SAN for the marine vessel traffic scenario

6 Conclusions

In this paper we presented methods and tools for enhancing context detection and management based on events. This proposed context management approach presented here is considered appropriate for the needs of event marketplaces. We described a Context Model that was used by the developed mechanisms for performing event-based context detection and presented two different approaches for detecting low level context (using SAN Editor) and deriving higher-level contextual information using Situation-Action-Networks (SANs).
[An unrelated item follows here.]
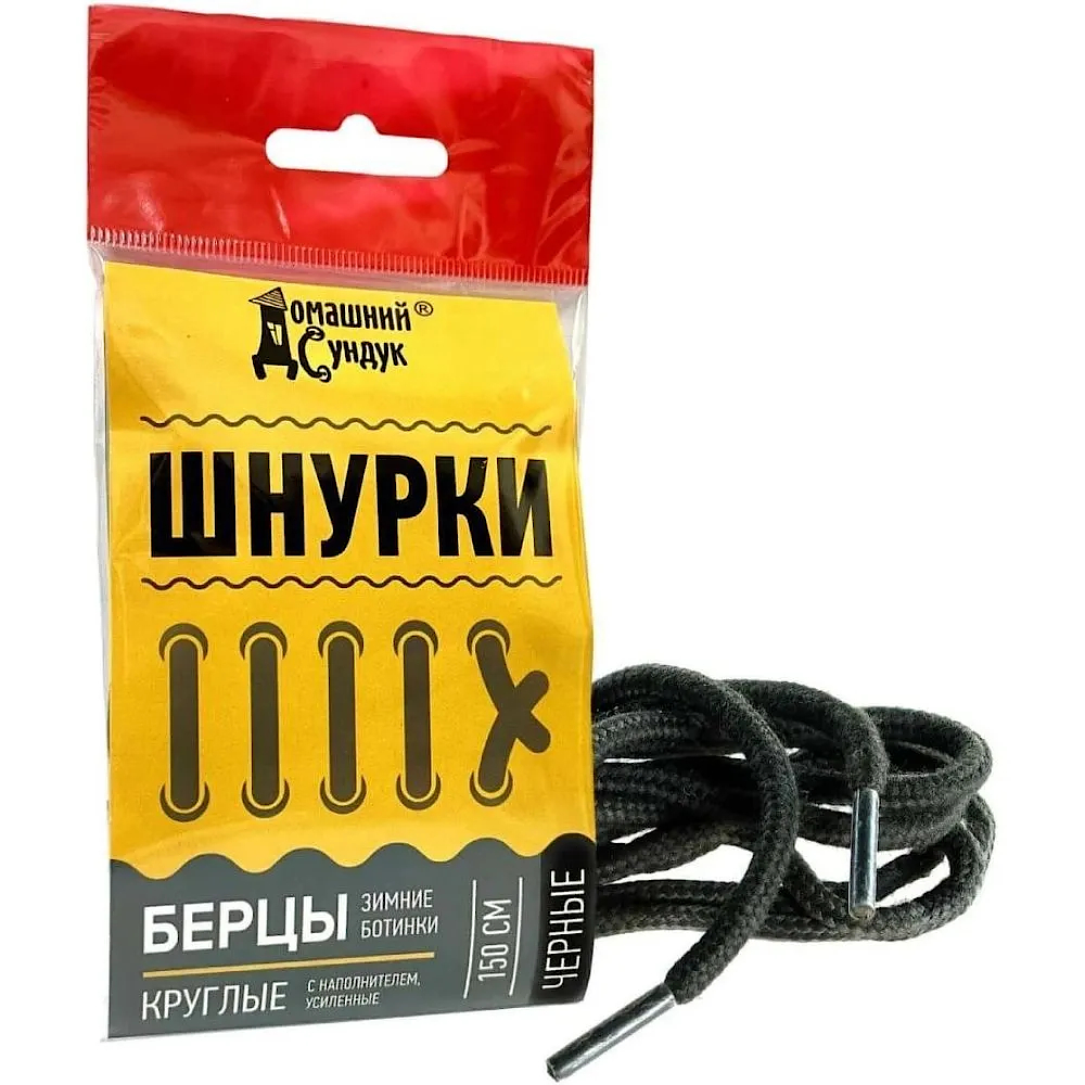 Шнурки "Домашний Сундук" БЕРЦЫ круглые с наполнителем УСИЛЕННЫЕ 150см (Черные) ДС-386-1

We provided with a meaningful context model specialization and demonstrated how simple or complex events coming from an event marketplace can be used and combined with external services, in order to derive higher level context with the use of SANs. For this demonstration we used real-time data from the AIS Hub portal that were published as RDF events into our system, using the appropriate event adapter.

This proposed context management approach presented here is considered appropriate for the needs of value added services that can be developed in order to provide intelligent and cost efficient characteristics in today’s event marketplaces. Such services can include dynamic event subscriptions recommenders that propose the appropriate times for subscribing and unsubscribing to heterogeneous event sources [28] or service adaptation frameworks that can detect and implement meaningful adaptations to business processes [3] based on situations and context-related information.